1.People who make far less than 250K per year, whose tax rates will be cut, spent Wednesday out in public demanding that Obama stop increasing their taxes. They proudly marched and defiantly yelled and etc., etc., insisting with waved signs and shaken fists on their opposition to something that is not the case. They have made it their business to prevent something from happening that was never going to happen in the first place--and they mean it!

2.These same people, whose economic and physical well-being are a matter of supreme indifference to the richest families in America, have been persuaded to insist on policies that will only benefit the richest families in America.

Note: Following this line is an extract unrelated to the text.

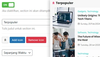 Tampilkan artikel paling populer berdasarkan jumlah kunjungan. Fitur ini membantu pengunjung menemukan konten yang paling diminati. Periode waktu juga dapat dengan mudah ditentukan agar sesuai dengan preferensi Anda.

There is a term for these people, and it isn't "right-wing" or "conservative" or "patriotic" or even "Republicans." The term is "sucker." These people are suckers. They have been tricked and manipulated into working against their own interests and for the interests of people who could literally not care less about them. Their patron saint isn't Barry Goldwater or Thomas Paine or Ronald Reagan or Jesus H. Christ. It's P.T. Barnum.

3.People who would be forced into bankruptcy by an attack of appendicitis, who have no idea what "socialism" is or how it differs from "communism" or "fascism," were to be seen Wednesday out in force, self-righteously pissed off and calling Obama a socialist, a communist, and a fascist, often interchangeably. And what are their ideas about how to deal with the worst economic crisis in eighty years? "Let them go bankrupt!" Ignorance and indignation: it doesn't get any more American than that. Each of them--proud, free, unafraid to speak stupidity to power--is like a homeowner whose house is on fire and yet who refuses to let the fire fighters turn a hose on the flames because "it'll get my stuff all wet." And when the fire chief ventures the suggestion that the fire is a) going to destroy their stuff anyway, and then b) spread to other homes, he gets shut down with such wised-up, common-man arguments as, "I pay your salary!"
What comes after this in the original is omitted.